Start with the most direct exhaustive search. That gives a correctness anchor before optimizing.
Pattern signal: Array · Dynamic Programming · Greedy
["c"] [0]
["d"] [1]
Source-backed implementations are provided below for direct study and interview prep.
// Accepted solution for LeetCode #2900: Longest Unequal Adjacent Groups Subsequence I
class Solution {
public List<String> getLongestSubsequence(String[] words, int[] groups) {
int n = groups.length;
List<String> ans = new ArrayList<>();
for (int i = 0; i < n; ++i) {
if (i == 0 || groups[i] != groups[i - 1]) {
ans.add(words[i]);
}
}
return ans;
}
}
// Accepted solution for LeetCode #2900: Longest Unequal Adjacent Groups Subsequence I
func getLongestSubsequence(words []string, groups []int) (ans []string) {
for i, x := range groups {
if i == 0 || x != groups[i-1] {
ans = append(ans, words[i])
}
}
return
}
# Accepted solution for LeetCode #2900: Longest Unequal Adjacent Groups Subsequence I
class Solution:
def getLongestSubsequence(self, words: List[str], groups: List[int]) -> List[str]:
return [words[i] for i, x in enumerate(groups) if i == 0 or x != groups[i - 1]]
// Accepted solution for LeetCode #2900: Longest Unequal Adjacent Groups Subsequence I
impl Solution {
pub fn get_longest_subsequence(words: Vec<String>, groups: Vec<i32>) -> Vec<String> {
let mut ans = Vec::new();
for (i, &g) in groups.iter().enumerate() {
if i == 0 || g != groups[i - 1] {
ans.push(words[i].clone());
}
}
ans
}
}
// Accepted solution for LeetCode #2900: Longest Unequal Adjacent Groups Subsequence I
function getLongestSubsequence(words: string[], groups: number[]): string[] {
const ans: string[] = [];
for (let i = 0; i < groups.length; ++i) {
if (i === 0 || groups[i] !== groups[i - 1]) {
ans.push(words[i]);
}
}
return ans;
}
Use this to step through a reusable interview workflow for this problem.
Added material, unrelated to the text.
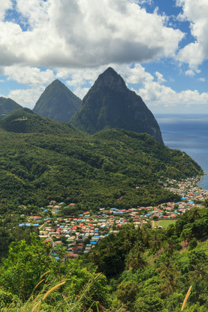 Gros and Petit Pitons near village Soufriere on Caribbean island St Lucia - tropical and paradise landscape scenery on Saint Lucia

Pure recursion explores every possible choice at each step. With two choices per state (take or skip), the decision tree has 2ⁿ leaves. The recursion stack uses O(n) space. Many subproblems are recomputed exponentially many times.
Each cell in the DP table is computed exactly once from previously solved subproblems. The table dimensions determine both time and space. Look for the state variables — each unique combination of state values is one cell. Often a rolling array can reduce space by one dimension.
Review these before coding to avoid predictable interview regressions.
Wrong move: Loop endpoints miss first/last candidate.
Usually fails on: Fails on minimal arrays and exact-boundary answers.
Fix: Re-derive loops from inclusive/exclusive ranges before coding.
Wrong move: An incomplete state merges distinct subproblems and caches incorrect answers.
Usually fails on: Correctness breaks on cases that differ only in hidden state.
Fix: Define state so each unique subproblem maps to one DP cell.
Wrong move: Locally optimal choices may fail globally.
Usually fails on: Counterexamples appear on crafted input orderings.
Fix: Verify with exchange argument or monotonic objective before committing.